Harry Kelly, Writer and Expert on Scottish Ceramics

Harry Kelly died in 2008 – he bequeathed a collection of ceramics to The Hunterian Museum and Art Gallery at Glasgow University further information

Harry Kelly

Henry E. (Harry) Kelly is a talented writer, and enthusiastic and friendly West End character and a real expert on Scottish Ceramics. His knowledge of the subject is awesome and his collection breathtaking. His particular interest lies in Scottish spongeware which he believes is the “best” – you can check this out for yourself by visiting the Hunterian Museum at Glasgow University (where Harry was once a student) – he has gifted most of his spongewear collection to the Museum.

Jim and I had a great time visiting Harry whose enthusiasm is infectious. Harry is hooked on ceramics and has a truly wonderful collection: beautiful plates, jugs, bowls, urns, basins, figures, serving dishes can be found on every available surface in his home – and amazingly he can tell you everthing about each individual item. He has many interesting anecdotes and I enjoyed his story about when visiting a school in the Shetlands talk to the children about spongeware and delighted when they brought in samples from thier homes including jugs “where my daddy keeps his brushes”

Scottish Ceramics by Henry E Kelly

His ‘hobby’ developed as a result of going on archeological digs around the West of Scotland in the 60s.

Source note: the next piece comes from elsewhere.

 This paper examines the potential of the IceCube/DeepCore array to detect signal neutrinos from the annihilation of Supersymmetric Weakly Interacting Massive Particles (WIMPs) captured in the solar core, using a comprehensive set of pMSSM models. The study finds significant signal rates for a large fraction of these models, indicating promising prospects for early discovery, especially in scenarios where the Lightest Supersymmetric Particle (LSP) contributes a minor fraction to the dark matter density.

This interest has continued to the present day – currently he is President of the Scottish Pottery Society and he is passionate about the subject. Over the years Harry’s interest, expertise and collection have grown at an impressive rate. His knowledge of ceramics and the history of the Scottish Potteries has been captured in his wonderful book “Scottish Ceramics” published by Schiffer in 1999. This Schiffer Book for Collectors, which is beautifully illustrated with photographs by Douglas Leishman, is fascinating and is much more than a collector’s guide. It paints a vivid picture of the history of Scotland’s many potteries from the Borders to Fife (where Wemyss Ware was made); and includes the Glasgow Potteries such as: Bell’s “the most important pottery in the history of the Scottish industry”; Possil Pottery which made “some of the finest porcelain ever produced in Britain”; the Britannia Pottery with its glorious Omar Khayyam designs and The Deltfield formed in the middle of the 18th century by Glagow Merchants and whose products were exported to areas “across the Atlantic Ocean”.

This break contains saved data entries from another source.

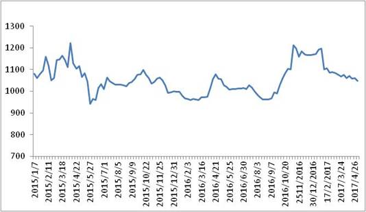 圖 1 2015-2017年各周中國公路物流運(yùn)價指數(shù)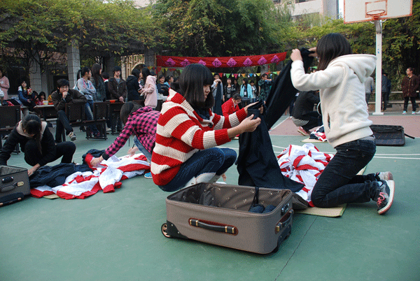 11月22日下午,经管学院在西篮球场举办生活技能创意大赛。比赛共设废品回收利用、泡面超人、内务标兵三个项目,50余名选手参加了比赛。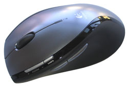 Die mitgelieferte Logitech Cordless MX 600 Maus ist rein von ihrer Ergonomie her nur für Rechtshänder geeignet und verwehrt dem interessierten Linkshänder somit die Möglichkeit mit dem Cordless Desktop MX 3000 Laser Set glücklich zu werden. Die Maus verfügt, wie die entsprechende Tastatur, über eine Fülle an Zusatzfunktionen. Neben den herkömmlichen Maustasten Links und Rechts hat Logitech wiederum eine Zoom-Funktion (Wippe für Zoom +/- und 100%-Taste) integriert. Neben den links befindlichen Tasten für Vor und Zurück finden wir auf der Oberseite eine Statusanzeige für den Batteriezustand und ein 4-Wege-Tastenrad. Wie bereits weiter oben erwähnt, setzt die MX 600 auf Lasertechnologie und ermöglicht somit eine sehr präzise Steuerung. Lobenswert: Durch längeres Betätigen des Connect-Buttons auf der Unterseite lässt sich die Maus komplett ausschalten und so gerade während des Transports die Batterielebensdauer deutlich steigern. Alle weiteren Einstellungen sind mithilfe der SetPoint-Software vorzunehmen.

“Scottish Ceramics” is full of fascinating information and its original research “sets the record straight” on Scotland’s contribution to ceramics found throughout the world. It brings to life this fascinating part of Scotland’s history and is totally abosorbing – unlike most history books it is also a feast for the eyes, showing the remarkable and extensive range of ceramics produced in the various potteries.
I have pored over this book for hours and just know that antique browsing is never going to be the same again! I look forward to Harry’s new publication on Scottish Spongeware which will be published by Schiffer later this year.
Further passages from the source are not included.